Norine, at any rate, did not live in some remote part of Greenwich Village, as might have been expected. Her apartment was quite near the New Weston Hotel, on a pretty street a block east of the Lexington Avenue subway stop that had trees and private houses with window boxes, a block just as good as Kay’s block, if not somewhat better. This surprised Helena.

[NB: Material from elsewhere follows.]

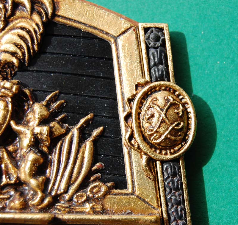 Medaliony będą złocone, ale przełamuję się nad czarnym tłem, więc zrobiłem próbkę czy dam radę pomalować takie maleństwo ;-)
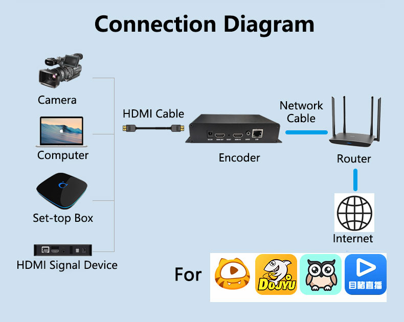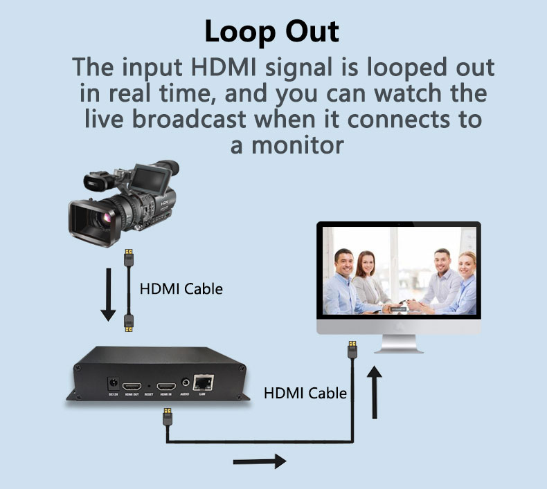 - HDMI loop-out encoder supports 1080P60 HDMI video signal input loop out

She found Norine, dressed in an old pair of ski pants, a sweat shirt, and a man’s leather jacket, sitting on the front stoop of a yellow stucco house and anxiously scanning the street; her hand shaded her eyes. “Sister Ann, Sister Ann,” Helena, who knew most of the fairy tales in Grimm and Perrault by heart, muttered to herself, “do you see anyone coming?” Putnam’s bluish beard, a razored shadow on his white face, had caught her notice the night before. Sighting Helena, in her ocelot coat and bobbing Robin Hood cap with a feather, Norine waved and beckoned. “Put has just gone,” she reported. “You can come in.” She led Helena through an arched doorway into the ground floor of the house and past the open door of what appeared to be an office. The house, she explained, interrupting herself to call a greeting to someone unseen in the office, belonged to a firm of modern decorators, husband and wife, who had been hit by the depression; they lived on two floors upstairs and rented the garden apartment, which had formerly been a showroom, to Norine and Put; the top floor was rented to a secretary who worked for a law firm in Wall Street and doubled as a paid correspondent in divorce cases—“the Woman Taken in Adultery,” Norine appended with a terse laugh.